Information in each record consists of parameters and their values in a specific format. Parameters consist of a parameter tag, followed by an underscore, followed by the parameter's name. The complete format is:
; tag_name: value(s)
Parameters originating in William Pearson's FASTA package always have a two-character tag. Current FASTA tags are:
Redistributors of the FASTA package may create their own parameters. If they do, they must use a tag with more than two characters, for example:
; ebi_access: M61687 ; gcg_ver: 9.0
GCG currently has no Wisconsin Package-specific parameters.
Most of the parameters specified by two-character tags correspond to values that are presented in other FastA output formats.

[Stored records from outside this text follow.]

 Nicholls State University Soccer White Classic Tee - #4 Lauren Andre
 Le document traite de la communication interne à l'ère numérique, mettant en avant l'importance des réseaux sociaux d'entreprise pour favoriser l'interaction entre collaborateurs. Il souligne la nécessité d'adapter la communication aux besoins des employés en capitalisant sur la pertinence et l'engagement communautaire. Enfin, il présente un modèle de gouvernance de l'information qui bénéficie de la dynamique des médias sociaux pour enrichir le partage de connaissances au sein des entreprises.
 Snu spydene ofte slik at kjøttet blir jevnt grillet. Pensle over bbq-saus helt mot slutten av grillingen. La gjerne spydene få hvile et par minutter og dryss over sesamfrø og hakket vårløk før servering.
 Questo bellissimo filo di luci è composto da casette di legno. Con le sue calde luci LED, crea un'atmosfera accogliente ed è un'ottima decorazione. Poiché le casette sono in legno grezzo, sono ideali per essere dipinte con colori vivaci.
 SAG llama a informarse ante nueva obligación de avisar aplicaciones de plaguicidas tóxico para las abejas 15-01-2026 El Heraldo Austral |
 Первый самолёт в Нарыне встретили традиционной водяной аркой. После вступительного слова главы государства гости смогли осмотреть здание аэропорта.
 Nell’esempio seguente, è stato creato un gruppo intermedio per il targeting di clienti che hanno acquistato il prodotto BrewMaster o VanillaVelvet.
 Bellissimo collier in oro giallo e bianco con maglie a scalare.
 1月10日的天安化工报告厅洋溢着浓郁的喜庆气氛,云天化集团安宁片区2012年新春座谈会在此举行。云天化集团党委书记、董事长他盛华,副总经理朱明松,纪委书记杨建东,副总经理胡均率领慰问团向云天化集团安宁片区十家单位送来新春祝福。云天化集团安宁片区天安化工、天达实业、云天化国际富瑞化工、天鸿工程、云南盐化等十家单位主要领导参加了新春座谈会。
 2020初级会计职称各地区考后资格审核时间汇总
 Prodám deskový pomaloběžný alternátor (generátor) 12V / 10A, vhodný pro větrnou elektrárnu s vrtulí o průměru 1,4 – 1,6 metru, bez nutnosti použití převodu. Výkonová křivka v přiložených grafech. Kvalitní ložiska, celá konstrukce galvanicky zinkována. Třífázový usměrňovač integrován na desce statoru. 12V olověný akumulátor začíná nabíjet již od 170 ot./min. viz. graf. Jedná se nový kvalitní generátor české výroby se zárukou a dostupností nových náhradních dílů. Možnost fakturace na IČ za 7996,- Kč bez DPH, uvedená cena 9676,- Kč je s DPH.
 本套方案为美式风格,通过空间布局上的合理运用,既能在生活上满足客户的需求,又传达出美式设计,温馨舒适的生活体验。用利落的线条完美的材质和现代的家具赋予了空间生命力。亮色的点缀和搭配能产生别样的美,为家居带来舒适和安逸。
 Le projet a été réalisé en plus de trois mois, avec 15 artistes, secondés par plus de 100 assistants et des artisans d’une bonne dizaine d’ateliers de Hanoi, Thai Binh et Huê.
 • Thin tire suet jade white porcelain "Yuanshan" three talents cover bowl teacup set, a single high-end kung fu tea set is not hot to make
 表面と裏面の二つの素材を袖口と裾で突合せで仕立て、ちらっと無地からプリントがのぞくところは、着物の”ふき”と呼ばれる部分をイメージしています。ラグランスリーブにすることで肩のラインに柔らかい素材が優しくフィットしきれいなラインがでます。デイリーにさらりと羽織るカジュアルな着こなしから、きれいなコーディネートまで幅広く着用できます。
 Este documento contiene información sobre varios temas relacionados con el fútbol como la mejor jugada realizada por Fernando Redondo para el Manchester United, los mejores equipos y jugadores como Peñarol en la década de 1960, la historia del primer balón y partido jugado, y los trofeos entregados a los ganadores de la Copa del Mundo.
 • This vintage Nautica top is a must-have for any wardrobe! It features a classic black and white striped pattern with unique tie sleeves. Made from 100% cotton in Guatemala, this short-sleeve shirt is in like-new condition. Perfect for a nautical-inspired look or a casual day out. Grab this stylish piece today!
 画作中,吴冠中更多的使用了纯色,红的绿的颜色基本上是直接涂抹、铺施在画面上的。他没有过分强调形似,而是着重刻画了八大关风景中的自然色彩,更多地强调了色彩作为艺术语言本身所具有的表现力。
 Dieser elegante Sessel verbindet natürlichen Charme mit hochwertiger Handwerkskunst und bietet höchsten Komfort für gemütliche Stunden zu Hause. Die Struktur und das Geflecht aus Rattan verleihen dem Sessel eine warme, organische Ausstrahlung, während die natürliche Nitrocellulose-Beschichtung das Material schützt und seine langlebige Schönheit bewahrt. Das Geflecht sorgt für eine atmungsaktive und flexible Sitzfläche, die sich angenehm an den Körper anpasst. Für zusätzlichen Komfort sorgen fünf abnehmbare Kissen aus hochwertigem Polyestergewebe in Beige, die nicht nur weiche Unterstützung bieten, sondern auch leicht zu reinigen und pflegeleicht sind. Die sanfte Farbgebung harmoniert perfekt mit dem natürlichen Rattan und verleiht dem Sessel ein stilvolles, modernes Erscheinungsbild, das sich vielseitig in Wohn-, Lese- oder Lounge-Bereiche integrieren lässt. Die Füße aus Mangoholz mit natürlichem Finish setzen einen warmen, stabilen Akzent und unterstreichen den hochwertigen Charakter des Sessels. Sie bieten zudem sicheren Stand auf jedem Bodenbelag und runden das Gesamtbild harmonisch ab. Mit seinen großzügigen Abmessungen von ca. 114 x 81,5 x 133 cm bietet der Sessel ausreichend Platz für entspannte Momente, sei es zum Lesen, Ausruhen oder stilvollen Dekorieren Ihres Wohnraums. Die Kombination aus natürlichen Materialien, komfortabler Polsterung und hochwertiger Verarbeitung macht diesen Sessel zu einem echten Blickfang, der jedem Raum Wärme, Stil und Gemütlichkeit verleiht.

A notable exception is parameters with the al tag:
al_stop gives the location of the end of the alignment in the original sequence
al_display_start gives the location of the first displayed residue in the original sequence. (This may not be the same as the first residue in the aligned region, because FastA provides some context for an alignment; even if the -SHOWall parameter is not used, FastA will try to provide about 30 residues on either side of the actual aligned region if the alignment is in the middle of one or the other sequence.)
Sequences may be padded with leading hyphens, if necessary. For example, if the beginning of the query sequence aligns with the tenth residue of the library sequence, then the query sequence will be padded with ten leading hyphens (-) to produce the alignment. The leading hyphens are a formatting convenience only; they are not considered in the numbering system for al_display_start, al_start, or al_stop.
As an example, here is a pair of aligned sequence records:
>gtm1_mouse .. ; sq_len: 217 ; sq_offset: 1 ; sq_type: p ; al_start: 3 ; al_stop: 180 ; al_display_start: 1 ---PMILGYWNVRGLTHPIRMLLEYTDSSYDEKRYTMGDAPDFDRSQWLN EKFKLGLDFPNLPYLIDGSHKITQSNAILRYLARKHH---LDGETEEERI RADIVENQVMDTRMQLIMLCYNPDFEKQKPEFLKTIPEKMKLYSEFLGKR PWFAGDKVTYVDFLAYDILDQYRMFEPKCLDA------FPNLRDFLARFE GLKKISAYMKSSRYIATPIFSKMAHWSNK >GTX2_TOBAC .. ; sq_len: 223 ; sq_type: p ; al_start: 6 ; al_stop: 181 ; al_display_start: 1 MAEVKLLGFW-YSPFSHRVEWALKIKGVKYE---YIEEDRDN--KSSLLL QSNPV---YKKVPVLIHNGKPIVESMIILEYIDETFEGPSILPKDPYDRA LARFWAKFLDDKVAAVVNTFFRKGEEQEKGK--EEVYEMLKVLDNELKDK KFFAGDKFGFADIAANLVGFWLGVFEEGYGDVLVKSEKFPNFSKWRDEYI NCSQVNESLPPRDELLAFFRARFQAVVASRSAPK
To properly display this alignment, the first P of gtm1_mouse must line up with the first V in GTX2_TOBAC, and the actual aligned region (the region that scores as the best local alignment) starts with the first I in gtm1_mouse (amino acid 3) and the first L (amino acid 6) in GTX2_TOBAC.
Here is a printout of a complete parsable output file containing three alignment records, followed by a printout of the first alignment as it is output by FastA when the default parameter -MARKx=3 is used.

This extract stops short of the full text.